When a word is overused it loses its power. Unfortunately one of the most overused words today is “abuse”. This is not to say that abuse is not a problem. Acts of abuse are far too common in our world. The label we use has become generic.
If we expand our vocabulary just a little, we rediscover the word “mistreat”. In my opinion, to mistreat is a more accurate term. Mistreat, as a verb, succinctly describes a harmful action. Mistreatment, as a noun, is still powerful because “treat” is its root word. Mistreat and mistreatment are very precise terms.
For instance, there is the global problem of child abuse. We encounter the term so often that society has become numb about it. When we want to put a fine point on this terrible problem, we can use the more precise phrase, “mistreatment of children”. This wording focuses on how children are sometimes treated by parents and authority figures. This semantic adjustment causes our minds to view this unfortunate situation in a new light.
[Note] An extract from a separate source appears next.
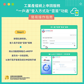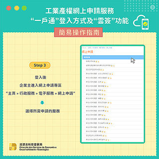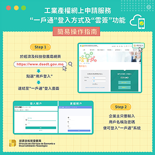 明年一月四日起,已開立「一戶通」帳戶(個人帳戶或實體帳戶)及「雲簽」服務帳戶的企業主,可透過「一戶通」登入該局網頁進行各類工業產權的網上申請,並可使用標準證書(電子認證「雲簽」服務)為需要簽署的電子文件進行具有法律效力的電子簽署。

The statement, “Democracy must be based on open societies, otherwise there will be abuse of minorities” is generic. If we substitute abuse with a more powerful, exact word, we might write, “Democracy must be based on open societies, otherwise there will be subjugation of minorities.” The second wording describes the situation more accurately.
We might say, “Nobody should be abused because of who they are.” To make our statement more profound we can reword it as, “Nobody should be mistreated or harassed because of who they are.”
So, social warriors can become more effective when we adopt more powerful, exact terminology. There is a place for generic words in general conversation. However, when we use exact wording, our messages become more focused and effective.